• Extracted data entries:
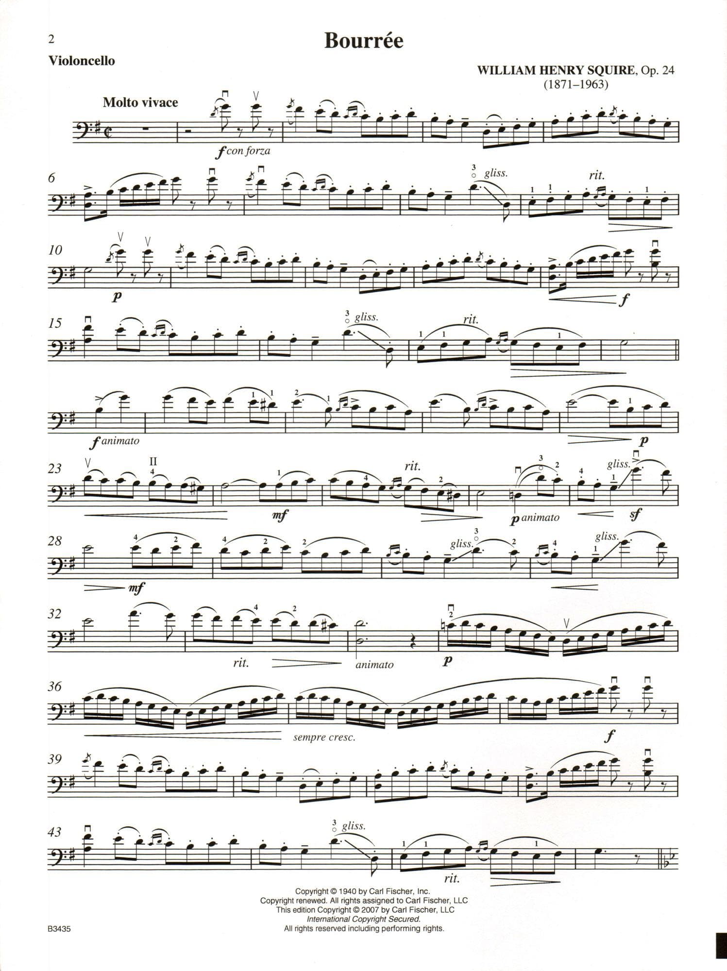 Squire, William Henry - Bouree Op 24 For Solo Cello & Piano Published by Carl Fischer
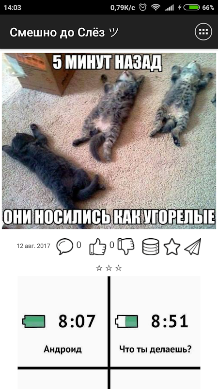 Понравившиеся записи можно комментировать и оценивать. Все понравившиеся картинки можно сохранять в галерее устройства в папке приложения. Ты можешь делиться записями с друзьями через социальные сети, а так же другие установленные на устройстве приложения. Ну и конечно, ты можешь оставлять лайки и сохранять записи в избранное.
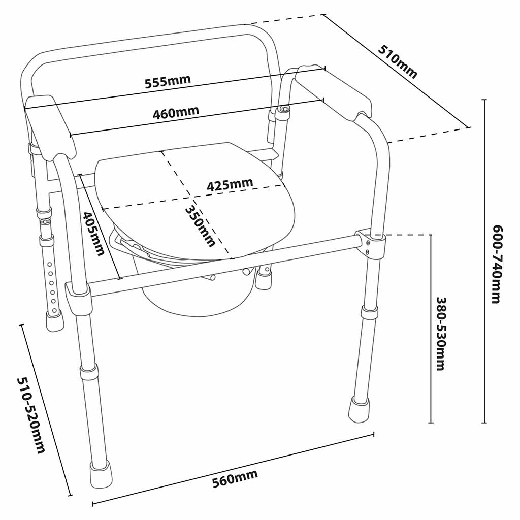 Toiletstoel met armsteunen in hoogte verstelbaar (Buitenkansje)
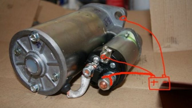 Соединяем проводами для «прикуривания» минусовую клемму, снятую с аккумуляторной батареи с корпусом стартера, второй провод соединяем одним концом с плюсовой клеммой аккумулятора, а вторым — с выводом управляющего провода тягового реле (втягивающего). Если тяговое реле исправно, то раздастся щелчок и выдвинется муфта привода, если нет — то втягивающего реле нужном менять.
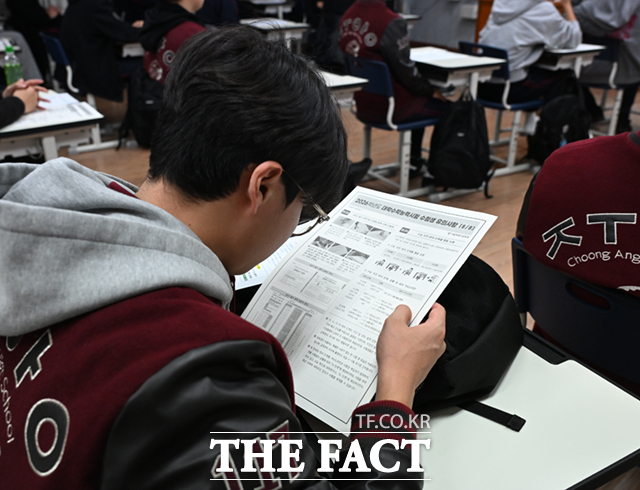 [더팩트ㅣ이새롬 기자] 2026학년도 대학수학능력시험을 하루 앞둔 12일 오전 서울 종로구 중앙고등학교에서 고3 수험생이 수능 유의사항이 담긴 자료를 살펴보고 있다.

• What the task asks: Return only the lines from the one that contains "Соединяем проводами для" through the closing line of the data, inclusive, reproduced exactly and with every picture left out.

• Expected answer:
 Соединяем проводами для «прикуривания» минусовую клемму, снятую с аккумуляторной батареи с корпусом стартера, второй провод соединяем одним концом с плюсовой клеммой аккумулятора, а вторым — с выводом управляющего провода тягового реле (втягивающего). Если тяговое реле исправно, то раздастся щелчок и выдвинется муфта привода, если нет — то втягивающего реле нужном менять.
 [더팩트ㅣ이새롬 기자] 2026학년도 대학수학능력시험을 하루 앞둔 12일 오전 서울 종로구 중앙고등학교에서 고3 수험생이 수능 유의사항이 담긴 자료를 살펴보고 있다.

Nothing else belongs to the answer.